Abstract:MicroRNAs have emerged as key posttranscriptional regulators of gene expression during vertebrate development. We show that the miR-200 family plays a crucial role for the proper generation and survival of ventral neuronal populations in the murine midbrain/hindbrain region, including midbrain dopaminergic neurons, by directly targeting the pluripotency factor Sox2 and the cell-cycle regulator E2F3 in neural stem/progenitor cells.
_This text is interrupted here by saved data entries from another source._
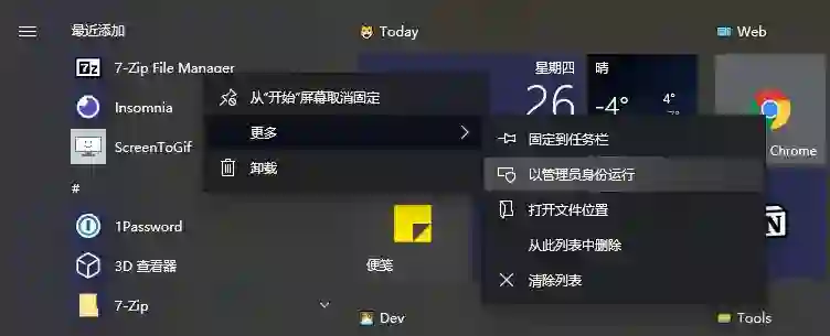 修改 7-Zip 关联图标和系统图标需要「管理员权限」,我们在开始菜单中选择 7-Zip File Manager,右键选择「更多 > 以管理员身份运行」打开拥有「管理员权限」的 7-Zip。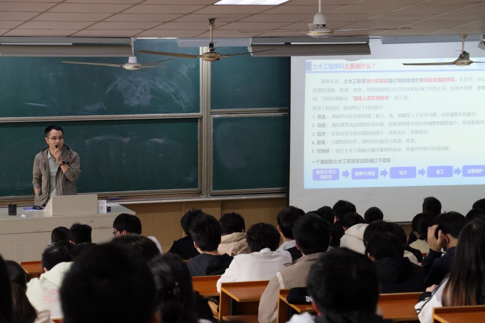 本次活动得到学院多学科力量的鼎力支持,各系、教研室的资深导师组成导师交流团。他们剖析智能建造与建筑工业化的协同发展趋势,介绍道路与桥梁工程智能化运维的技术突破,解读地下空间开发与地质灾害防控的前沿动态,阐释结构抗震防灾与性能提升的核心方向,聚焦工程全生命周期管控的关键要点,介绍力学学科的发展前沿以及在现代工程中的基础支撑作用,解读车路协同与交通流优化的前沿技术应用,介绍高性能混凝土与新型复合材料在工程结构中的应用成效。活动现场,导师们展示了往届优秀毕业生的发展风采,这些身边的榜样让在场学子深切感受到“土木人”的责任与担当,既增强了对学院的归属感与自豪感,更点燃了投身土木事业、追求学术卓越的热血豪情。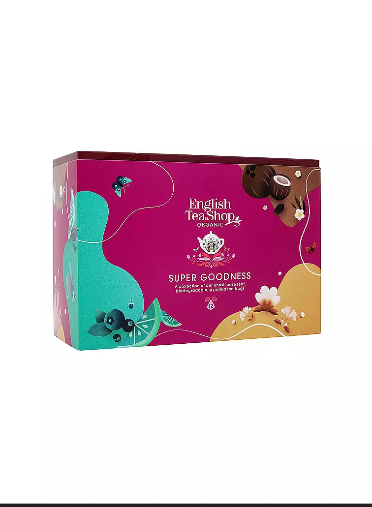 Ein perfektes Geschenk für alle Liebhaber moderner Tee Mischungen mit vielen Superfood Zutaten. Ideales Teeset zum Kennenlernen neuer Sorten aus der Super Goodness Kollektion von English Tea Shop in einer stylishen Tee Geschenkbox.
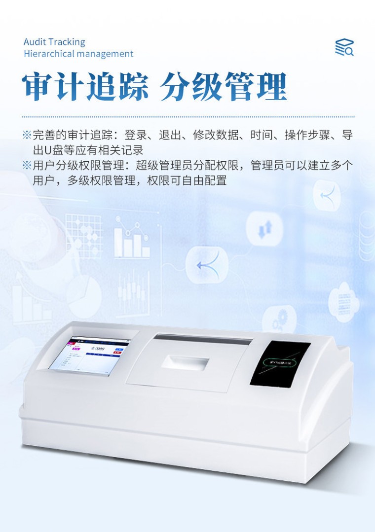 仪器介绍: 旋光度测量仪是测定物质旋光度的仪器。通过旋光度的测定,可以分析确定物质的浓度,含量及纯度等,广泛地应用于医药、石油、食品、化工、香精、香料、制糖等行业及相关的高校和科研院所。 软件功能: 审计追踪:完整版审计追踪和用户分级权限管理, 超级管理员可以修改所有人密码和用户名并可追溯,超级管理员可以修改所有操作员权限,用户帐号有禁用和启用两个功能,人员更替暂时不用删除账户,可以锁定,使用时可以解封,U盘导出PDF和Excel数据防篡改功能。 比较完善的审计追踪,登录、退出、修改数据、时间、操作步骤、导出U盘等应有相关记录。 用户管理:分级管理,超级管理员分配权限,管理员可以建立多个用户,每个使用者可以使用各自的用户名,登录时输入用户名和密码,用户帐号有禁用和启用两个功能 最高权限可修改他人用户名和密码,并可追踪。 数据检索功能:方便用户在大量数据库中快速找到想要的数据 图谱功能:测试过程中可实时显示图谱,方便做分析 内存:可扩展至64G 软件升级:支持U盘自动升级,无需返厂 仪器特点: 1: 内置帕尔贴控温,提高精度和稳定性; 2:有旋光度/比旋度/浓度/糖度及自定义模式; 3:LED冷光源代替传统钠光灯和卤钨灯; 4:符合21CFR Part 11审计追踪,药典及电子签名; 5:支持网络打印,支持数据统计检索; 6:多级权限管理,权限可自由配置; 7:8寸触摸彩屏,人性化操作界面; 8:系统自带自动校准系统。 主要技术参数: 测量模式:旋光度、比旋度、浓度、糖度、自定义 光 源:LED冷光源+高精度的干涉滤光片 工作波长:589.3nm(可选) 测试功能:单次、多次、连续测量方式 测量范围:旋光度±90° 糖度±259°Z *分 辨率:0.0001° (旋光度) *示值误差:±0.003° 重 复 性:(标准偏差s)0.0005°(旋光度) *温控范围:10℃-55℃(帕尔贴) 控温精度:±0.1℃ 显示方式:8英寸TFT真彩触摸屏 试 管:标配 100mm耐腐蚀控温型、200mm、100mm普通玻璃型 透 光 率:0.01% *网 络:无线WIFi连接 自动校准:有/(常规标准管) 用户管理:有/三级管理 通信接口:USB连接、RS232连接、VGA、以太网 数据存储:32G *审计追踪:有 *软件升级:U盘自动升级 电子签名:有 预存测量方法:500以上 多功能数据检索:有 自定义公式编辑:有 多种文件格式导出:PDF和Excel *打印机:兼容WIFI无线激光打印机和ZG针式/热敏打印机 *网络文库:有 *图谱分析:实时图谱分析 通信接口:USB/键盘/鼠标/通用打印机/ VGA/以太网 *用户账户:冻解启停功能 语言:中文/英文 导出文件验证高等级防护MD5:有 用户分级和权限设定:3级 *用户找回密码:有 *用户名可修改追溯:有 修改日期时间追溯:有 准确度:符合JJG536-2015中0.01级 其他选配件:鼠标、键盘连接、通用打印机/无线网路打印机 电 源:220V±22V,50Hz±1Hz,250W 仪器净重:28kg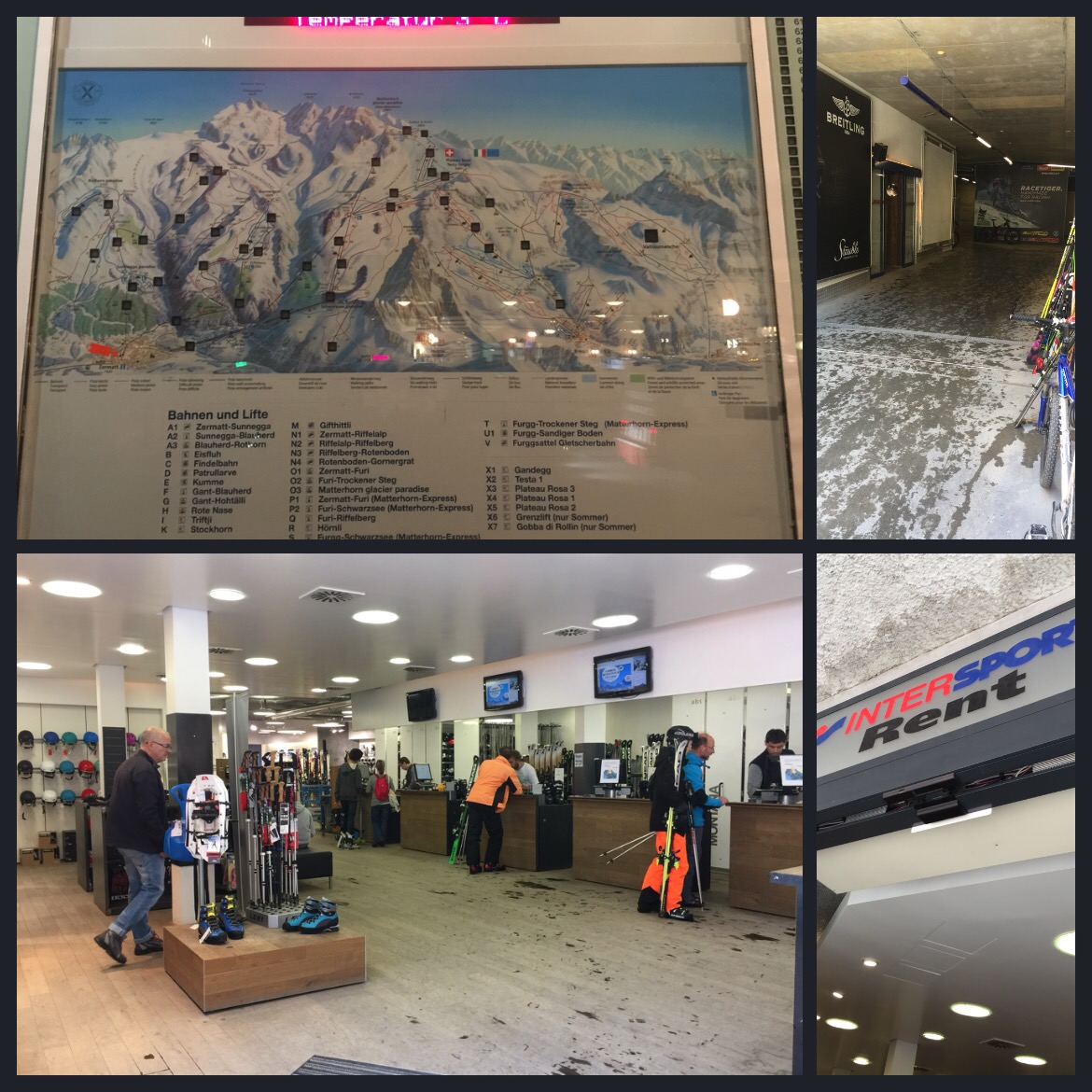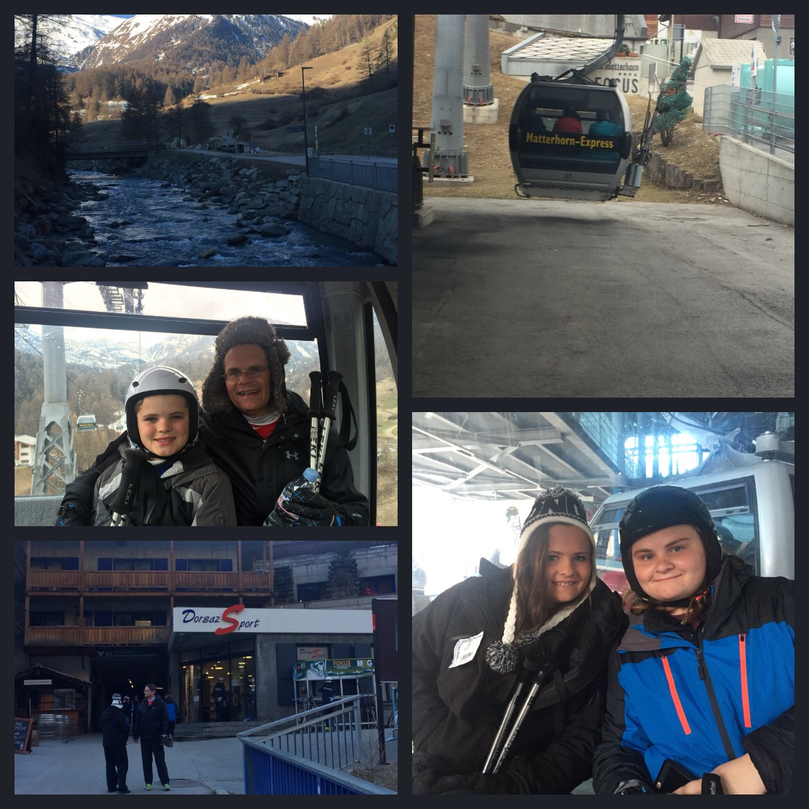 We awoke the next morning eager to hit the slopes! We opted for a shop next to the gondola, “Intersport Rent”and were impressed with the friendliness of the staff. With gear ready, and lift tickets in our pockets (the left tickets were magnetic cards that let you through the lifts by scanning them through your jacket pockets), we loaded into the “Matterhorn Express” gondola and rode up the mountain.

The lack of a negative regulation of Sox2 and E2F3 by miR-200 in conditional Dicer1 mutants (En1(+/Cre); Dicer1(flox/flox) mice) and after miR-200 knockdown in vitro leads to a strongly reduced cell-cycle exit and neuronal differentiation of ventral midbrain/hindbrain (vMH) neural progenitors, whereas the opposite effect is seen after miR-200 overexpression in primary vMH cells. Expression of miR-200 is in turn directly regulated by Sox2 and E2F3, thereby establishing a unilateral negative feedback loop required for the cell-cycle exit and neuronal differentiation of neural stem/progenitor cells. Our findings suggest that the posttranscriptional regulation of Sox2 and E2F3 by miR-200 family members might be a general mechanism to control the transition from a pluripotent/multipotent stem/progenitor cell to a postmitotic and more differentiated cell.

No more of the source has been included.